Bell files petition to Governor in Council to reverse CRTC wholesale rate decision

Bell wants the decision to be changed so it won't impact investment and rollout of network infrastructure

Montreal-based national carrier Bell has filed a petition to have the Governor in Council “restore wholesale rates that were in place,” before the CRTC decided to set new rates.

Wholesale rates are paid by competitors — such as TekSavvy or Distributel — which then get access to high-speed networks of larger telecommunications companies like Bell, Rogers, Telus and Shaw. Rates are set so that incumbents can charge for this access after the CRTC reviews information regarding how much it costs to operate networks.
The new rates were announced in August and the Canadian Radio-television and Telecommunications Commission (CRTC) said that they were lower than the interim wholesale rates implemented in 2016, which were also set to foster competition at the time.

“The monthly capacity rates are 15 percent to 43 percent lower than the interim rates,” the CRTC said in the new decision. “As for the access rates, they are three percent to 77 percent lower than the interim rates.”

In 2016, the CRTC cut proposed rates for network access by up to 39 percent and reduced the rate for the transport of internet data by up to 89 percent. It’s important to note that the final rates will be applied retroactively, but that a decision on rates for fibre-to-the-home will be “forthcoming.”

According to the document filed to the Governor in Council on November 13th, Bell said: “restoring the pre-existing rates and maintaining the status quo will allow resellers to continue to grow and at the same time preserve incentives for network investment at a critical juncture in the investment cycle as Canada transitions to higher speed fibre and 5G wireless networks and the benefits these bring to urban, rural and remote communities across the country.”

Bell added that by granting the petition it will avoid negative outcomes for Canada.

At the time that the CRTC made the rate decision, Bell indicated that it would have an estimated $100 million impact on its business. It also said that it would reduce the scope of Bell’s broadband internet buildout for smaller towns and rural communities by 20 percent, or about 200,000 households.

Bell’s chief operating officer Mirko Bibic at the time said that having a dramatic change like this doesn’t help the continued development of infrastructure in Canada.

According to the document, obtained by MobileSyrup, Bell listed reasons that indicate the CRTC’s decision creates major impacts on the industry.

The carrier argues that the CRTC has been favouring resellers “by systematically lowering wholesale broadband rates,” which now has “reached to the point that the rates are below our costs, incentives to invest are in many instances eliminated and consumers are being deprived of higher speed internet service as providers withdraw uneconomic offerings from the retail market.”

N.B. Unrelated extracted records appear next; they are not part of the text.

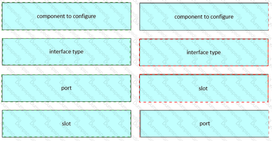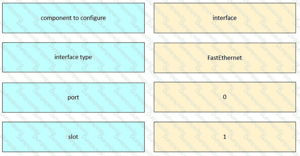Refer to the exhibit. Drag and drop the command names from the left onto the corresponding elements in the interface configuration mode command structure on the right.
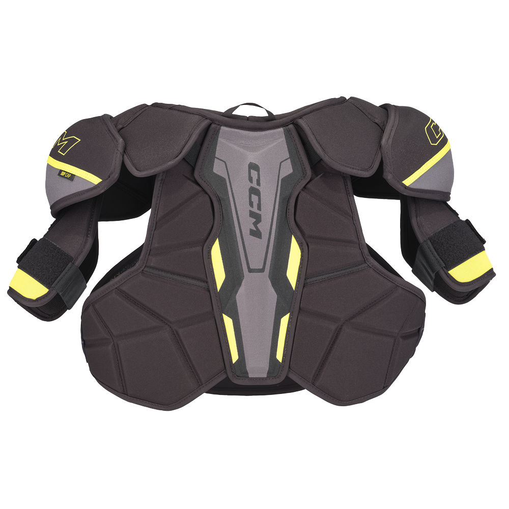 Новинка 2024 года от компании CCM – JETSPEED TACKS XF80. Новая конструкция нагрудника создает комфортные условия на льду без потери качеств в защите. Обновленные элементы защиты и дизайна позволят вам максимально сосредоточиться на игре забыв про дискомфорт во время игры.
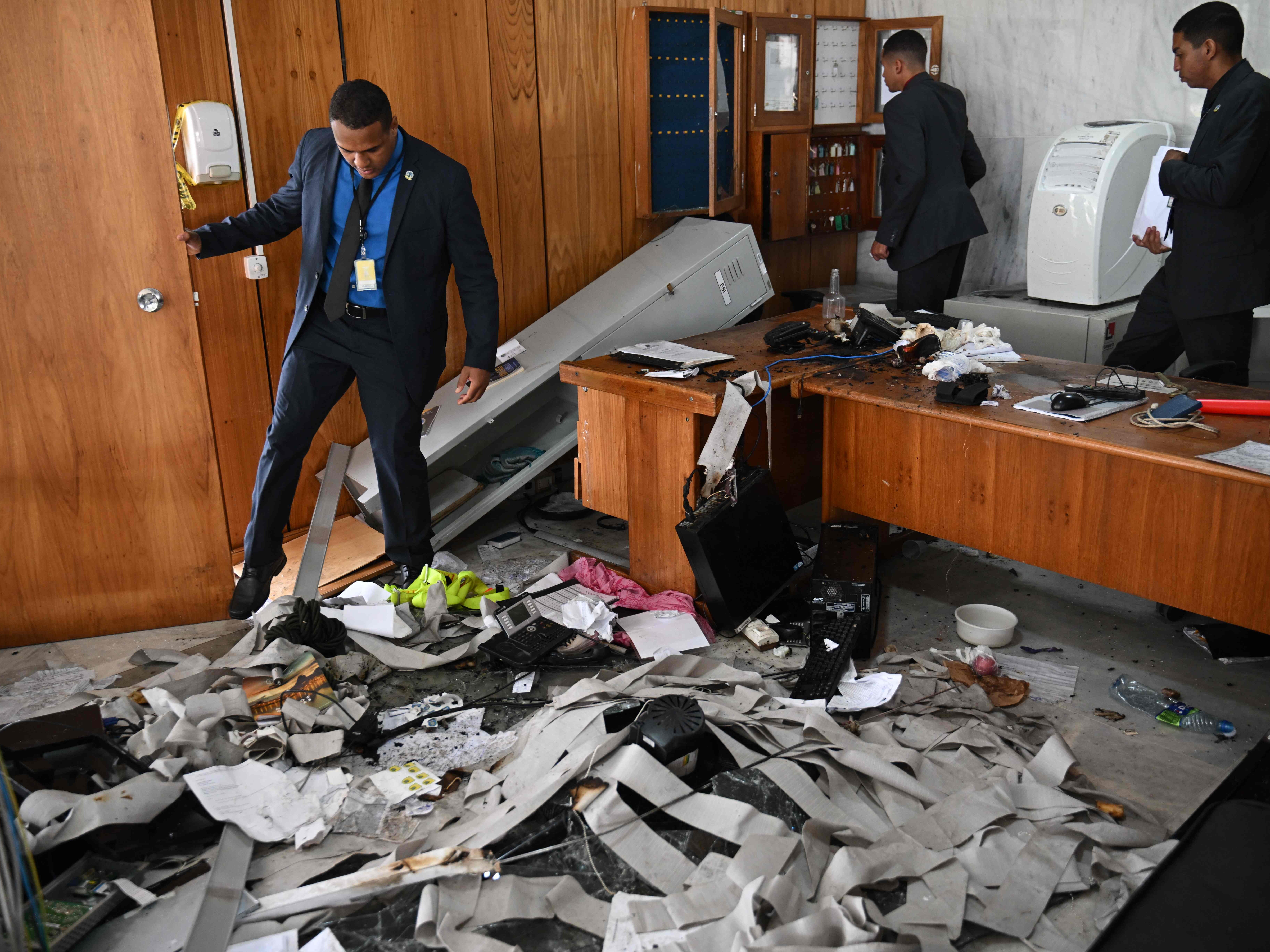 Tausende Bolsonaro-Fans hatten zuvor das Regierungsviertel gestürmt. Die Polizei wirkte völlig überrumpelt. Schnell rissen die Demonstranten die Straßensperren ein und drängten die Beamten zurück. Bald standen sie auf dem Dach des Kongresses und schwenkten brasilianische Nationalflaggen. Kurz darauf drangen sie auch in den Obersten Gerichtshof und den Regierungssitz ein.
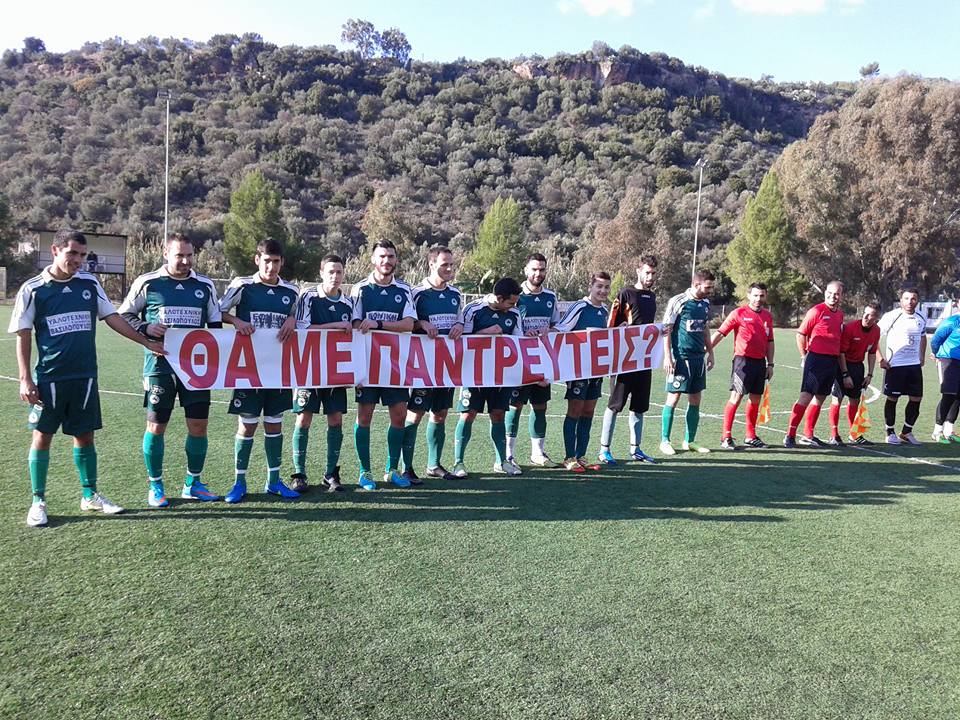 Συγκεκριμένα, όπως βλέπετε στην φωτογραφία μας ο αρχηγός της ομάδας του Παναθηναϊκού Σωτήρης Κριτσωτάκης έκανε πρόταση γάμου στην αγαπημένη του και διαιτητής Τάνια Τσαούση με ένα μεγάλο πανό που κρατούσαν όλοι οι παίκτες του τριφυλλιού.
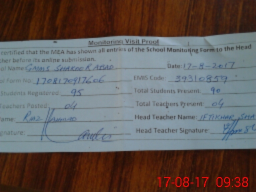 | EMIS Code: 39310859 | Name of School: GPS SHAKOOR ABAD BASTI | |||

Bell also cited the Competition Bureau’s study on broadband competition in Canada, which indicated that there is a challenge in setting these rates to preserve investments. It is important to note though that the study also indicated that Canadians would benefit from more internet service options.

Bell also feels that resellers “are already thriving in the market.”

“Since early 2016 (and, in fact, since 2013) resellers benefitted from a healthy gross margin of at least 44 percent, allowing them to charge below the average retail price,” Bell wrote. “The effect of the order’s lowering of wholesale rates increases the resellers’ gross margin to 71 percent. The result of these wholesale reductions ahs been to cut in half the resellers’ cost of providing service.”

Changes to wholesale rates will have impact on rural development, 5G rollout

Bell added that these changes would also have a severe impact on the rollout of 5G networks in the future.

It added that an order like this would “further slowdown the ability of companies to invest in 5G at a time when Canada has already been ranked last in terms of 5G readiness because of government delays that are beyond the industry’s control.”

Bell’s goal to improve network infrastructure in rural and remote communities would also be affected, the carrier implied. Especially if it were to keep up with the government’s intention and plan to connect 100 percent of Canadians to high-speed internet by 2030.

“It is facilities-based carriers, not resellers, that will build networks in these rural areas,” Bell wrote. “The order has forced us to reduce our investment goals for rural and remote communities.”

Bell also argues that resellers and smaller players have a history of not investing in the buildout of network infrastructure.

The carrier cited that between 2012 and 2017, Bell invested $38.4 billion in networks and equipment while resellers invested $160 million.

“The order will only serve to ensure that resellers have even less of an incentive to invest in networks of their own as they can now ride on the networks that others build at rates that are well below cost,” Bell writes, adding that the burden will only be on big carriers.

Bell’s petition urges the Governor in Council to restore the order to what it was before as “this will improve the balance between the competing objectives of affordability and investment, as well as return certainty and predictability to the industry.”